Exercise details: Repeat the records below word for word and omit each image.

[Data supplied — start]

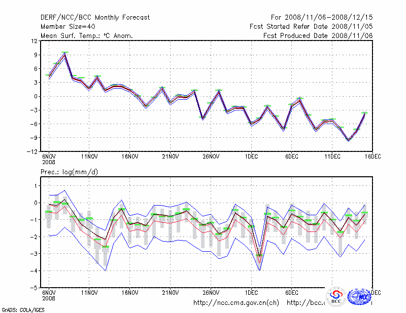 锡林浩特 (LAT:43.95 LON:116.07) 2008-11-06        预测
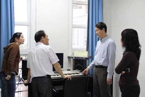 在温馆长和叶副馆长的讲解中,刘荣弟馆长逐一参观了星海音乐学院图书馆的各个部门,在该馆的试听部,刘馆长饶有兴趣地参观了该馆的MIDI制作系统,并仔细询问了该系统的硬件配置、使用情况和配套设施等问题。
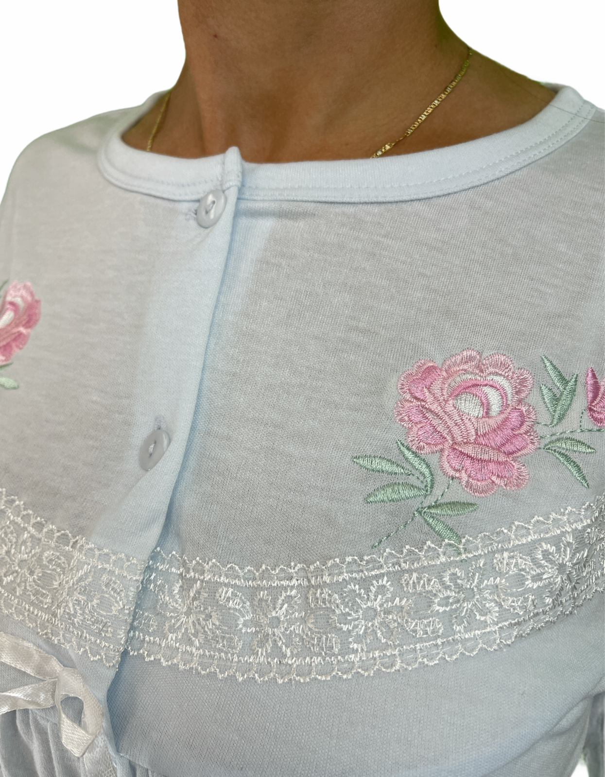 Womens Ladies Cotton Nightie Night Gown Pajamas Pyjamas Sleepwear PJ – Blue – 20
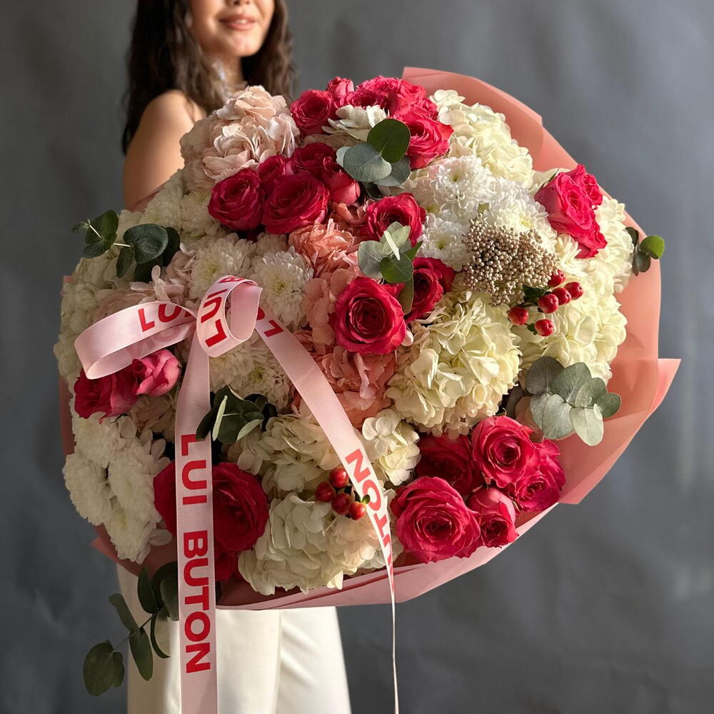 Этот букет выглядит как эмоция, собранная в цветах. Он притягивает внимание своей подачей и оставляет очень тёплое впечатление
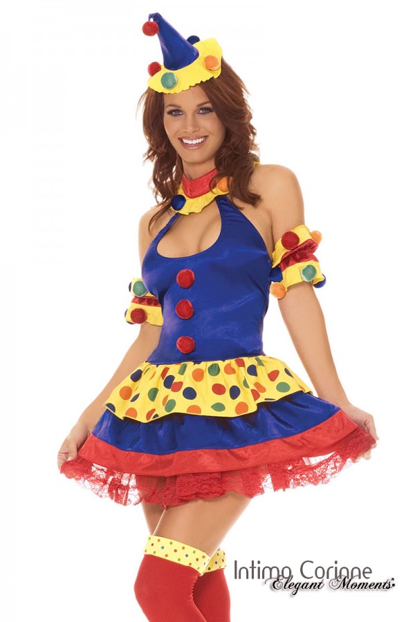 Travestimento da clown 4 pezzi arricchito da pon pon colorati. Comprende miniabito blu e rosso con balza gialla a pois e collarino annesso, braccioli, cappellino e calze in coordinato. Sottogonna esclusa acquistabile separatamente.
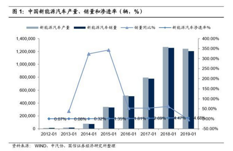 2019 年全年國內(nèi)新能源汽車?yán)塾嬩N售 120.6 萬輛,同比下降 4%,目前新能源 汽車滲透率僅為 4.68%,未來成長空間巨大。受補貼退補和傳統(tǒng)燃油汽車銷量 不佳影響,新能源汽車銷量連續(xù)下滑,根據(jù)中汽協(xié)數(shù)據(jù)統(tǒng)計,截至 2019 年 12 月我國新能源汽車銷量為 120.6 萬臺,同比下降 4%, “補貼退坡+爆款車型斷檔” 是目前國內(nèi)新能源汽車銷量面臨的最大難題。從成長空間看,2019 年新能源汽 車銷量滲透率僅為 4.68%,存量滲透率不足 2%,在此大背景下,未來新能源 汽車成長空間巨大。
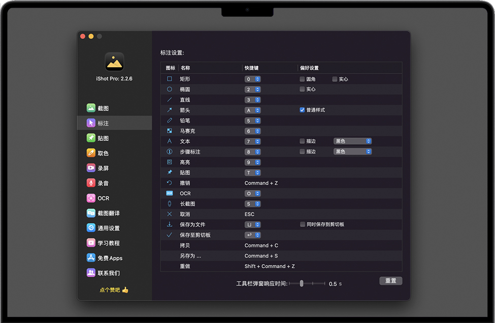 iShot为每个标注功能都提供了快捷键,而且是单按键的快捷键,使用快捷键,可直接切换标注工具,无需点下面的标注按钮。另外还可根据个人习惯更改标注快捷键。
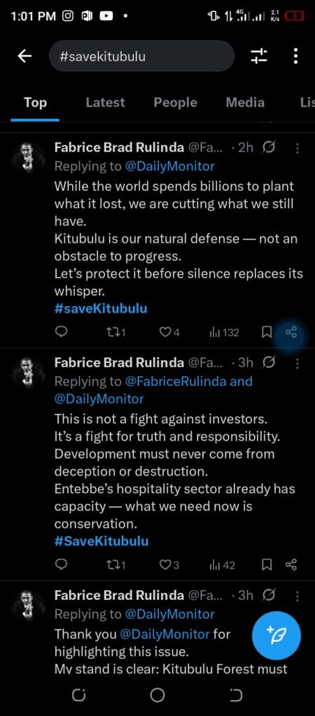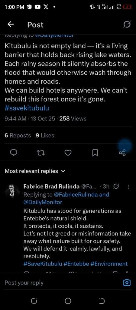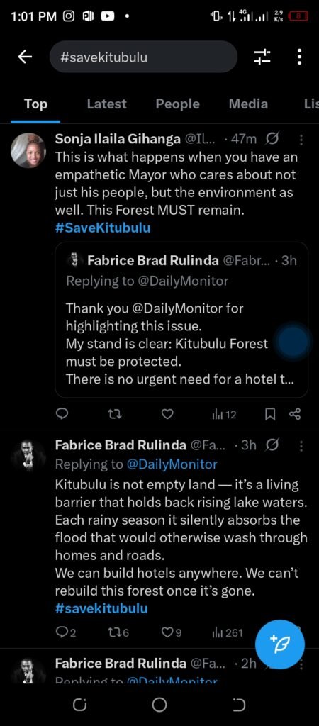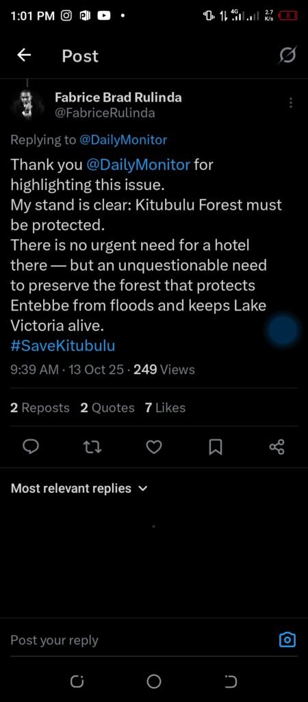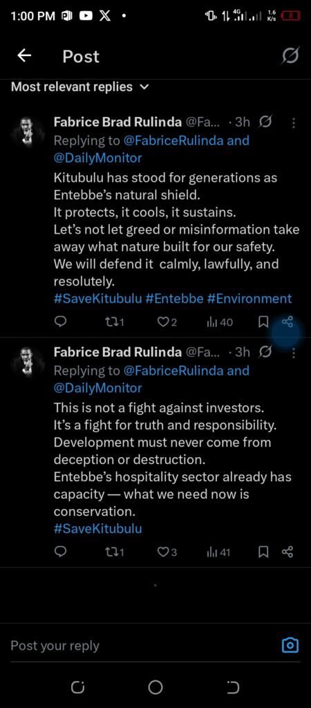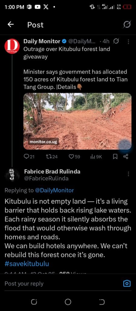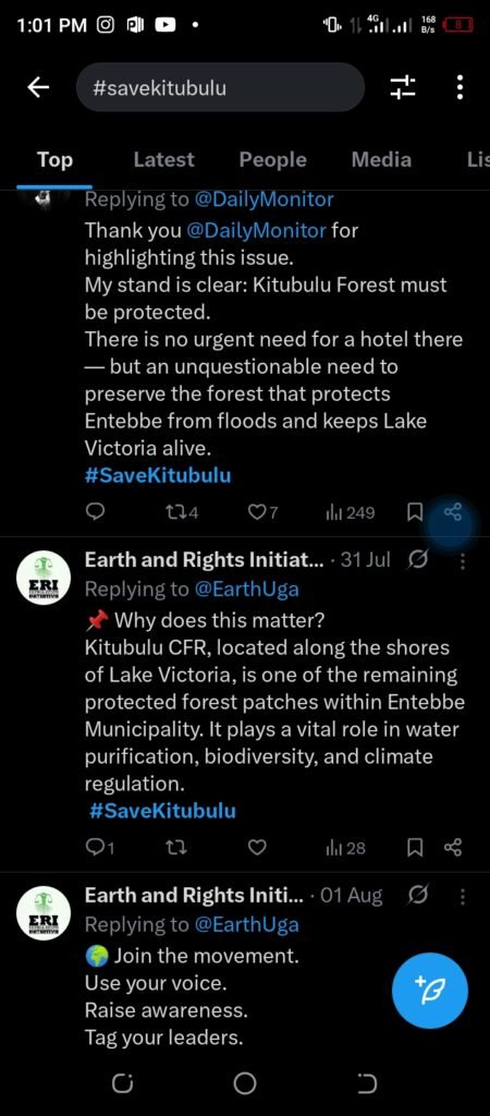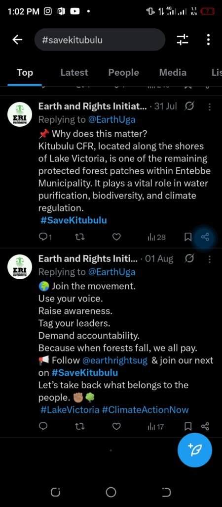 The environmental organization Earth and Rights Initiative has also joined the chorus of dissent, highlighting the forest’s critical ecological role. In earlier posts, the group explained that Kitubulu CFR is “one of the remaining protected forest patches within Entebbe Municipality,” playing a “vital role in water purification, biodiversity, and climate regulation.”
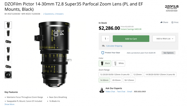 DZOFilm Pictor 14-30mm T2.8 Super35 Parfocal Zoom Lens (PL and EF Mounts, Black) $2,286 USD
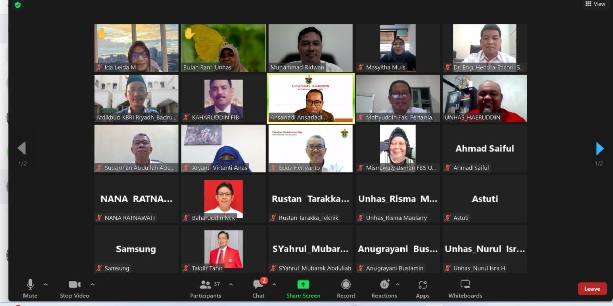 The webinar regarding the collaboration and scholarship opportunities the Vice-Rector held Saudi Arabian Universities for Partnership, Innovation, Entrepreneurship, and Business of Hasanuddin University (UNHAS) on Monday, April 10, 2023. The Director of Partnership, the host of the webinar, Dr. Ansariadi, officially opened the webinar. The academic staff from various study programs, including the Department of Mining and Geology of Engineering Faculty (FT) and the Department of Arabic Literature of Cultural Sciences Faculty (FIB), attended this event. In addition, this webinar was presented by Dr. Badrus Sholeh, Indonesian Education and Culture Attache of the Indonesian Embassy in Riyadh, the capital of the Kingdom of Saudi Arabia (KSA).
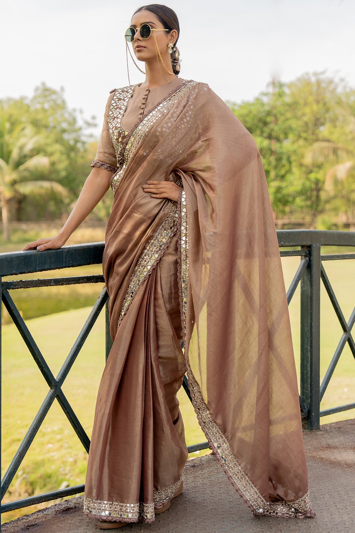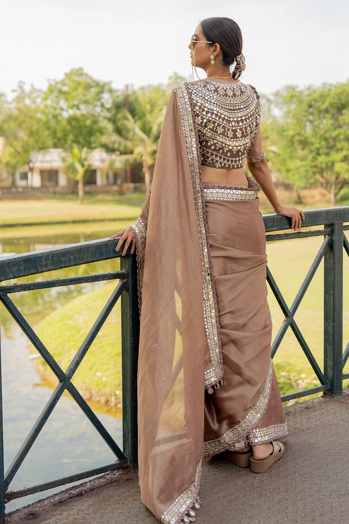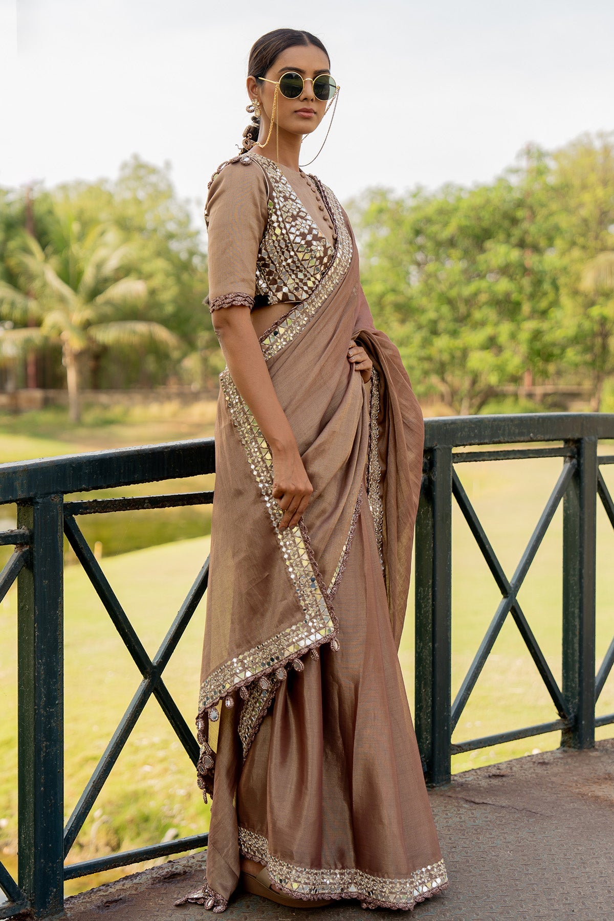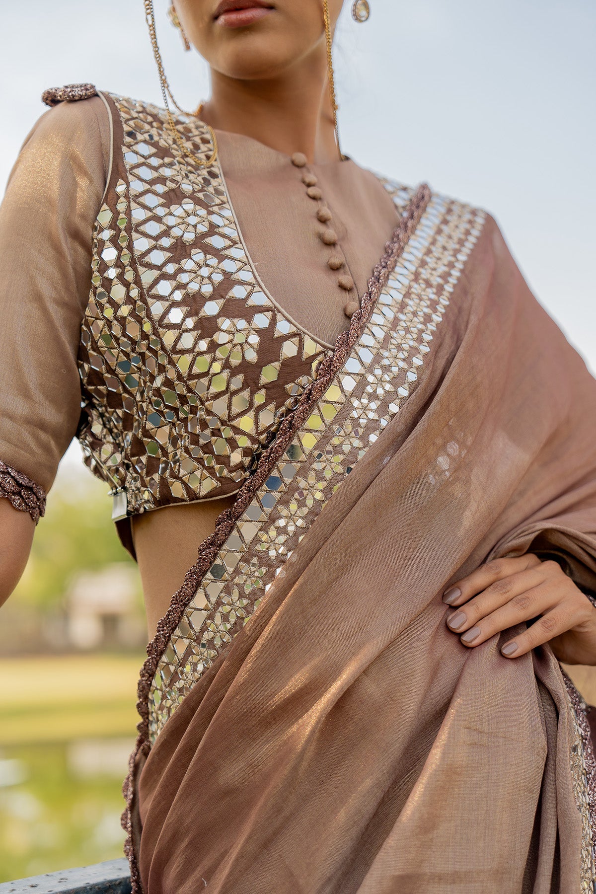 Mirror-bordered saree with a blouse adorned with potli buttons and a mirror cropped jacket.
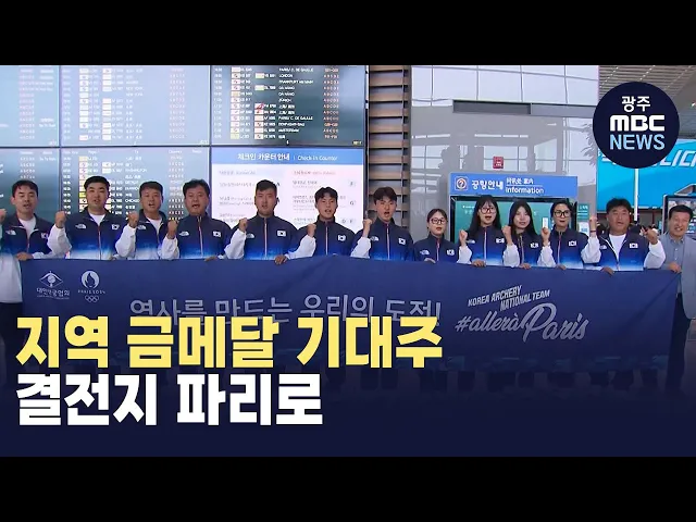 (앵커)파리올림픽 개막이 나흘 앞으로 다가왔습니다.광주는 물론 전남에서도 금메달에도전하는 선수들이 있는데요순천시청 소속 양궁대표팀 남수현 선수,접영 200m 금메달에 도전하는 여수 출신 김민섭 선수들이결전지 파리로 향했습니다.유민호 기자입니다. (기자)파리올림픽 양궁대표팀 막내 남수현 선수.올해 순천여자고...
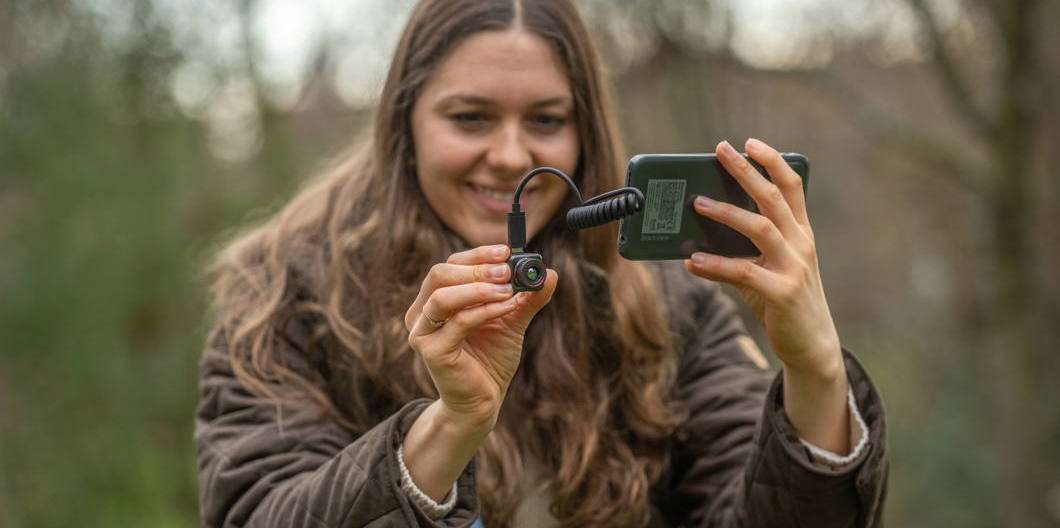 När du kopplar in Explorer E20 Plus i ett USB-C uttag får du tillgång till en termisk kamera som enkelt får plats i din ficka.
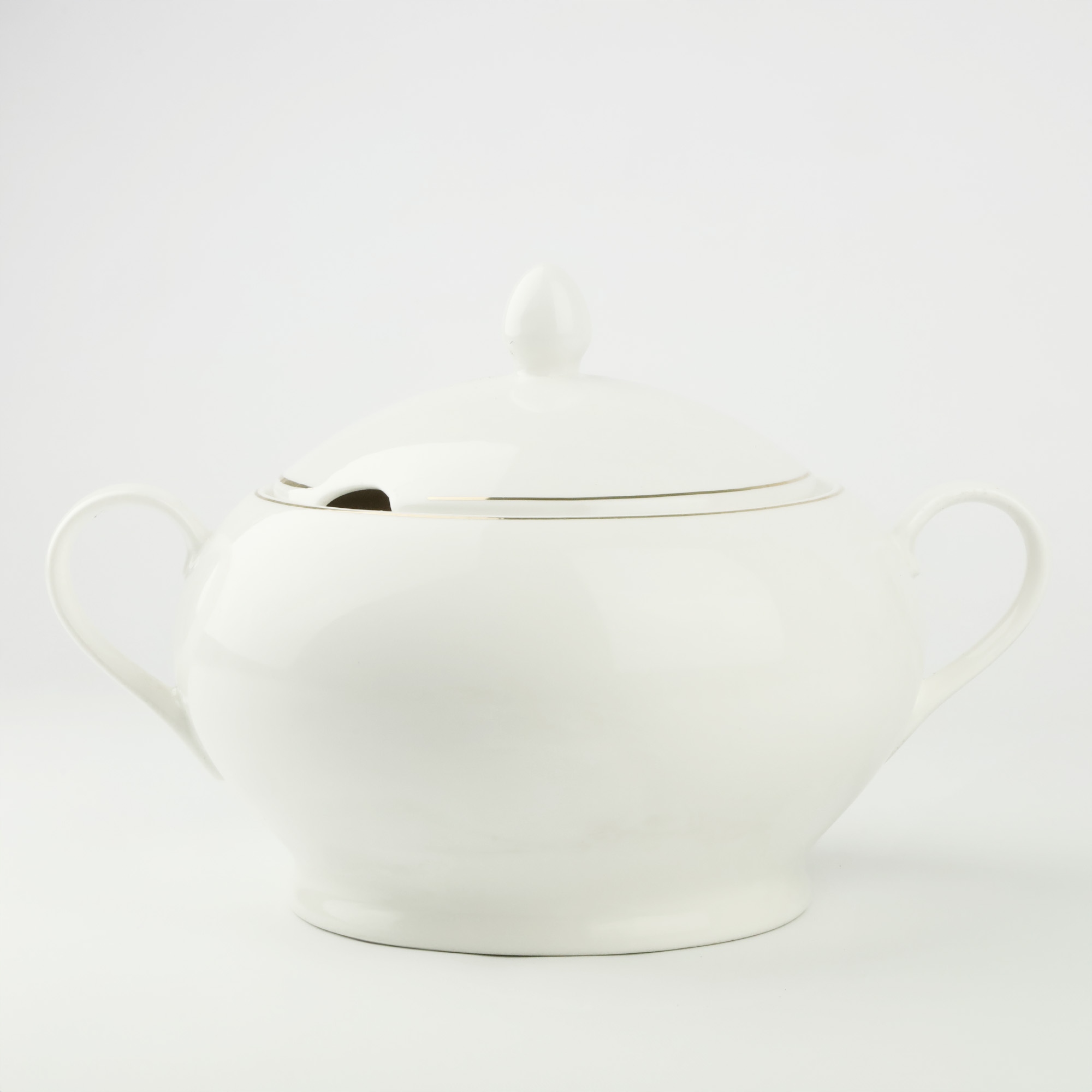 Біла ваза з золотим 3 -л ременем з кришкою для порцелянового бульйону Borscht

[Data supplied — finish]

Exercise result:
 锡林浩特 (LAT:43.95 LON:116.07) 2008-11-06        预测
 在温馆长和叶副馆长的讲解中,刘荣弟馆长逐一参观了星海音乐学院图书馆的各个部门,在该馆的试听部,刘馆长饶有兴趣地参观了该馆的MIDI制作系统,并仔细询问了该系统的硬件配置、使用情况和配套设施等问题。
 Womens Ladies Cotton Nightie Night Gown Pajamas Pyjamas Sleepwear PJ – Blue – 20
 Этот букет выглядит как эмоция, собранная в цветах. Он притягивает внимание своей подачей и оставляет очень тёплое впечатление
 Travestimento da clown 4 pezzi arricchito da pon pon colorati. Comprende miniabito blu e rosso con balza gialla a pois e collarino annesso, braccioli, cappellino e calze in coordinato. Sottogonna esclusa acquistabile separatamente.
 2019 年全年國內(nèi)新能源汽車?yán)塾嬩N售 120.6 萬輛,同比下降 4%,目前新能源 汽車滲透率僅為 4.68%,未來成長空間巨大。受補貼退補和傳統(tǒng)燃油汽車銷量 不佳影響,新能源汽車銷量連續(xù)下滑,根據(jù)中汽協(xié)數(shù)據(jù)統(tǒng)計,截至 2019 年 12 月我國新能源汽車銷量為 120.6 萬臺,同比下降 4%, “補貼退坡+爆款車型斷檔” 是目前國內(nèi)新能源汽車銷量面臨的最大難題。從成長空間看,2019 年新能源汽 車銷量滲透率僅為 4.68%,存量滲透率不足 2%,在此大背景下,未來新能源 汽車成長空間巨大。
 iShot为每个标注功能都提供了快捷键,而且是单按键的快捷键,使用快捷键,可直接切换标注工具,无需点下面的标注按钮。另外还可根据个人习惯更改标注快捷键。
 The environmental organization Earth and Rights Initiative has also joined the chorus of dissent, highlighting the forest’s critical ecological role. In earlier posts, the group explained that Kitubulu CFR is “one of the remaining protected forest patches within Entebbe Municipality,” playing a “vital role in water purification, biodiversity, and climate regulation.”
 DZOFilm Pictor 14-30mm T2.8 Super35 Parfocal Zoom Lens (PL and EF Mounts, Black) $2,286 USD
 The webinar regarding the collaboration and scholarship opportunities the Vice-Rector held Saudi Arabian Universities for Partnership, Innovation, Entrepreneurship, and Business of Hasanuddin University (UNHAS) on Monday, April 10, 2023. The Director of Partnership, the host of the webinar, Dr. Ansariadi, officially opened the webinar. The academic staff from various study programs, including the Department of Mining and Geology of Engineering Faculty (FT) and the Department of Arabic Literature of Cultural Sciences Faculty (FIB), attended this event. In addition, this webinar was presented by Dr. Badrus Sholeh, Indonesian Education and Culture Attache of the Indonesian Embassy in Riyadh, the capital of the Kingdom of Saudi Arabia (KSA).
 Mirror-bordered saree with a blouse adorned with potli buttons and a mirror cropped jacket.
 (앵커)파리올림픽 개막이 나흘 앞으로 다가왔습니다.광주는 물론 전남에서도 금메달에도전하는 선수들이 있는데요순천시청 소속 양궁대표팀 남수현 선수,접영 200m 금메달에 도전하는 여수 출신 김민섭 선수들이결전지 파리로 향했습니다.유민호 기자입니다. (기자)파리올림픽 양궁대표팀 막내 남수현 선수.올해 순천여자고...
 När du kopplar in Explorer E20 Plus i ett USB-C uttag får du tillgång till en termisk kamera som enkelt får plats i din ficka.
 Біла ваза з золотим 3 -л ременем з кришкою для порцелянового бульйону Borscht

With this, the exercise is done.